The Cambridge Index dropped 1,234.5 points or 4.2% to close at 28029.3, as six of the top ten Index heavyweights posted weekly losses to their share prices.
Cambridge Index declines 4.2%
AVEVA Group, down 11.5%, announced that the group achieved double digit revenue growth during the second half of the year.
Johnson Matthey, down 1.3%, announced that it has concluded a Memorandum of Understanding with Stena Recycling Group, to develop an efficient value chain in Europe for recycling of lithium ion batteries (LIB) and cell manufacturing materials.
DS Smith, down 0.6%, in its pre-close trading update, announced that trading performance in the second half of the year for all parts of the business in the UK, Europe and the US, showed continued progress.
Frontier Developments, up 1.6%, announced two brand new packs for Planet Coaster: Console Edition.
Xaar, up 21.8%, in its full year results, announced that revenues dropped to £47.98m from £49.38m recorded in the previous year. No dividend has been declared for 2020.

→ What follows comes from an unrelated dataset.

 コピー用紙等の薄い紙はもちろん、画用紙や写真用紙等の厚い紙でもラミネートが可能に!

Checkit, up 6.9%, announced that revenues rose to £13.2m from £9.8m recorded in the previous year. Loss before tax narrowed to £5.3m from £9.1m.

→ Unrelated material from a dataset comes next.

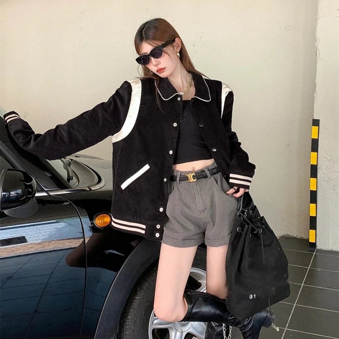 CEL黑色灯芯绒学院风棒球服夹克外套男女

Gaming Realms, up 0.6%, announced that revenues rose to £11.40m from £6.88m recorded in the previous year. Loss before tax narrowed to £1.58m from £4.67m. The Board of Directors are not proposing a final dividend for the current year.
1Spatial, unchanged at 44.5p, announced that revenues climbed to £24.60m from £23.39m recorded in the previous year.
Tristel, down 10.4%, in its trading update, announced that second half sales in all markets increased very slowly due to the impact of COVID-19.
Marshall Motor, down 1.4%, announced that the notice of its Annual General Meeting (AGM) to be held on 20 May 2021 is now available on its website here.
Bango, down 0.7%, announced that the notice of the 2021 AGM has been published on the Bango website.
GRC International Group, unchanged at 31.5p, announced today that it has witnessed substantial progress in performance across all its business areas in the second half of FY21.
UK markets ended mostly higher last week, amid continued optimism over the UK’s re-opening and following a series of upbeat quarterly earnings reports. On the data front, Britain’s house prices jumped at its strongest pace since 2004 in April, as investors rushed to take advantage of the extension of the stamp duty holiday. Additionally, the nation’s CBI distributive trade survey's retail sales rose at its fastest pace since 2018 in April, supported by the reopening of non-essential stores.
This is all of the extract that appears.